JAMES WILEY, sale and livery stable, was born in England, August 6, 1819. Son of John and Elizabeth Wiley. When only twelve years of age, he came to America, and for about forty years lived in Newark, Ohio. He carried on a feed, sale and livery stable in that place, served as Constable seven years, Justice of the Peace three years and Provost eighteen months, during the early part of the war. He came direct from Newark to Kansas, in the spring of 1869. Farmed in Clifton Township four years, and has since been engaged in the livery business. He has served three years as Police Judge, and about seven years as Justice of the Peace, and is serving in both capacities at the present writing.
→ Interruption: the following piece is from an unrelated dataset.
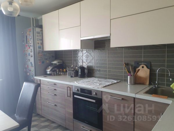 В просторной кухне, совмещенной с гостиной - функциональное рабочее место, оснащенное современной бытовой техникой, включая духовую печь, варочную панель и посудомоечную машину под единой столешницей, встроенную СВЧ, вытяжку, двухкамерный двухдверный холодильник. Большое рабочее пространство для приготовления с барной стойкой. ЖК телевизор. Отдельная обеденная зона. Выход на огромную застекленную лоджию.
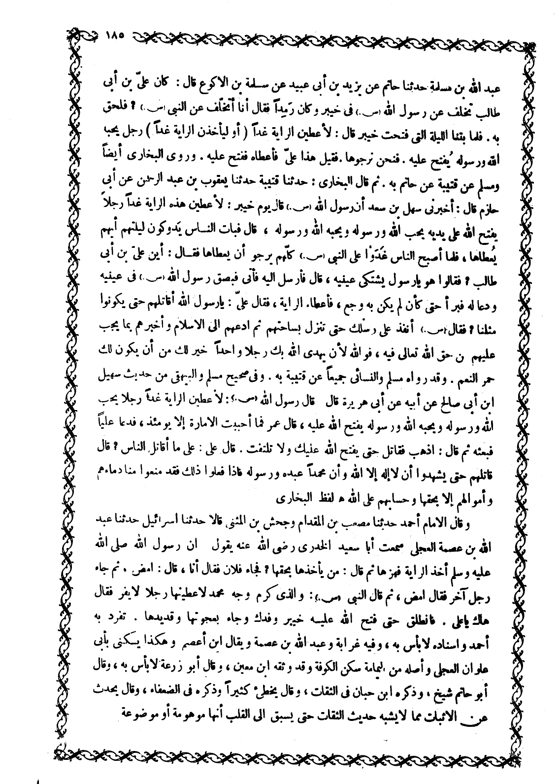 عَبْدُ اللَّهِ بْنُ مَسْلَمَةَ حَدَّثَنَا حَاتِمٌ عَنْ يَزِيدَ بْنِ أَبِي عُبَيْدٍ عَنْ سَلَمَةَ بْنِ الْأَكْوَعِ قَالَ: كَانَ عَلِيُّ بْنُ أَبِي طَالِبٍ تَخَلَّفَ عَنْ رَسُولِ اللَّهِ صَلَّى اللَّهُ عَلَيْهِ وَسَلَّمَ فِي خَيْبَرَ وَكَانَ رَمِدًا فَقَالَ أَنَا أَتَخَلَّفُ عَنِ النَّبِيِّ صَلَّى اللَّهُ عَلَيْهِ وَسَلَّمَ؟ فَلَحِقَ بِهِ. فَلَمَّا بِتْنَا اللَّيْلَةَ الَّتِي فُتِحَتْ خَيْبَرُ قَالَ: لَأُعْطِيَنَّ الرَّايَةَ غَدًا (أَوْ لَيَأْخُذَنَّ الرَّايَةَ غَدًا) رَجُلٌ يُحِبُّهُ اللَّهُ وَرَسُولُهُ يُفْتَحُ عَلَيْهِ. فَنَحْنُ نَرْجُوهَا. فَقِيلَ هَذَا عَلِيٌّ فَأَعْطَاهُ ففتح عليه. وَرَوَى الْبُخَارِيُّ أَيْضًا وَمُسْلِمٌ عَنْ قُتَيْبَةَ عَنِ حَاتِمٍ بِهِ. ثُمَّ قَالَ الْبُخَارِيُّ: حَدَّثَنَا قُتَيْبَةُ حَدَّثَنَا يَعْقُوبُ بْنُ عَبْدِ الرَّحْمَنِ عَنْ أَبِي حَازِمٍ قَالَ: أَخْبَرَنِي سَهْلُ بْنُ سَعْدٍ أَنَّ رَسُولَ اللَّهِ صَلَّى اللَّهُ عَلَيْهِ وَسَلَّمَ قال يَوْمَ خَيْبَرَ: لَأُعْطِيَنَّ هَذِهِ الرَّايَةَ غَدًا رَجُلًا يَفْتَحُ اللَّهُ عَلَى يَدَيْهِ يُحِبُّ اللَّهَ وَرَسُولَهُ وَيُحِبُّهُ اللَّهُ وَرَسُولُهُ، قَالَ فَبَاتَ النَّاسُ يَدُوكُونَ لَيْلَتَهُمْ أَيُّهُمْ يُعْطَاهَا، فَلَمَّا أَصْبَحَ النَّاسُ غَدَوْا عَلَى النَّبِيِّ صَلَّى اللَّهُ عَلَيْهِ وَسَلَّمَ كُلُّهُمْ يَرْجُو أَنْ يُعْطَاهَا فَقَالَ: أَيْنَ عَلِيُّ بْنُ أبى طالب؟ فقالوا هو يا رسول يشتكي عينيه، قال فأرسل اليه فأتى فَبَصَقَ رَسُولُ اللَّهِ صَلَّى اللَّهُ عَلَيْهِ وَسَلَّمَ فِي عَيْنَيْهِ وَدَعَا لَهُ فَبَرِأَ حَتَّى كَأَنْ لم يكن به وجع، فأعطى الرَّايَةَ، فَقَالَ عَلِيٌّ: يَا رَسُولَ اللَّهِ أُقَاتِلُهُمْ حَتَّى يَكُونُوا مِثْلَنَا؟ فَقَالَ صَلَّى اللَّهُ عَلَيْهِ وَسَلَّمَ انْفُذْ عَلَى رِسْلِكَ حَتَّى تَنْزِلَ بِسَاحَتِهِمْ ثُمَّ ادْعُهُمْ إِلَى الْإِسْلَامِ وَأَخْبِرْهُمْ بِمَا يَجِبُ عليهم من حق الله تعالى فيه، فو الله لَأَنْ يَهْدِيَ اللَّهُ بِكَ رَجُلًا وَاحِدًا خَيْرٌ لَكَ مِنْ أَنْ يَكُونَ لَكَ حُمُرُ النَّعَمِ. وَقَدْ رَوَاهُ مُسْلِمٌ والنَّسَائِيُّ جَمِيعًا عَنْ قُتَيْبَةَ بِهِ. وَفِي صَحِيحِ مُسْلِمٍ والْبَيْهَقِيِّ مِنْ حَدِيثِ سهيل ابن أَبِي صَالِحٍ عَنْ أَبِيهِ عَنْ أَبِي هُرَيْرَةَ قَالَ قَالَ رَسُولُ اللَّهِ صَلَّى اللَّهُ عَلَيْهِ وَسَلَّمَ: لَأُعْطِيَنَّ الرَّايَةَ غَدًا رَجُلًا يُحِبُّ اللَّهَ وَرَسُولَهُ وَيُحِبُّهُ اللَّهُ وَرَسُولُهُ يَفْتَحُ اللَّهُ عَلَيْهِ، قال عمر فما أحببت الامارة إلا يومئذ، فدعا عليما فَبَعَثَهُ ثُمَّ قَالَ: اذْهَبْ فَقَاتِلْ حَتَّى يَفْتَحَ اللَّهُ عَلَيْكَ وَلَا تَلْتَفِتْ. قَالَ عَلِيٌّ: عَلَى مَا أُقَاتِلُ النَّاسَ؟ قَالَ قَاتِلْهُمْ حَتَّى يَشْهَدُوا أَنْ لَا إِلَهَ إِلَّا اللَّهُ وَأَنَّ مُحَمَّدًا عَبْدُهُ وَرَسُولُهُ فَإِذَا فَعَلُوا ذَلِكَ فَقَدْ مَنَعُوا منا دِمَاءَهُمْ وَأَمْوَالَهُمْ إِلَّا بِحَقِّهَا وَحِسَابُهُمْ عَلَى اللَّهِ لفظ البخاري وَقَالَ الْإِمَامُ أَحْمَدُ حَدَّثَنَا مُصْعَبُ بْنُ الْمِقْدَامِ وجحش بْنُ الْمُثَنَّى قَالَا حَدَّثَنَا إِسْرَائِيلُ حَدَّثَنَا عَبْدُ اللَّهِ بْنُ عِصْمَةَ الْعِجْلِيُّ سَمِعْتُ أَبَا سَعِيدٍ الْخُدْرِيَّ رَضِيَ اللَّهُ عَنْهُ يَقُولُ إِنَّ رَسُولَ اللَّهِ صَلَّى اللَّهُ عَلَيْهِ وَسَلَّمَ أَخَذَ الرَّايَةَ فَهَزَّهَا ثُمَّ قَالَ: مَنْ يَأْخُذُهَا بِحَقِّهَا؟ فَجَاءَ فلان فقال أنا، قال: امض. ثم جاء رجل آخر فقال امض، ثُمَّ قَالَ النَّبِيُّ صَلَّى اللَّهُ عَلَيْهِ وَسَلَّمَ: والّذي كرم وجه محمد لا عطينها رجلا لا يفر فقال هَاكَ يَا عَلِيُّ. فَانْطَلَقَ حَتَّى فَتَحَ اللَّهُ عَلَيْهِ خَيْ

He was married in Newark, Ohio, in 1839, to Alvira Riley, by whom he had four children, three of whom are living -- Jones R., in Kansas, John and Mrs. Emma Lyman, in Cincinnati. After the death of his first wife he was married a second time in Newark to Sarah A. Holden, by whom he had six children, four of whom are living -- Dr. F. M. Wiley, Mrs. Annetta J. Allen, Herbert J. Wiley and Mrs. Jessie Christman. His second wife died in 1874, and he was married again at Humboldt, Kansas, to Mrs. N. J. Clem, an estimable widow lady, daughter of Thomas and Caroline Brinkley. This union has been blessed with four children -- Paul, Walter T., Bertha and Mary. Mrs. Wiley has two children by her first husband -- Dekalb and Oscar Clem. Mr. Wiley is a man of good judgment and fine principles, a reliable business man and a conscientious official.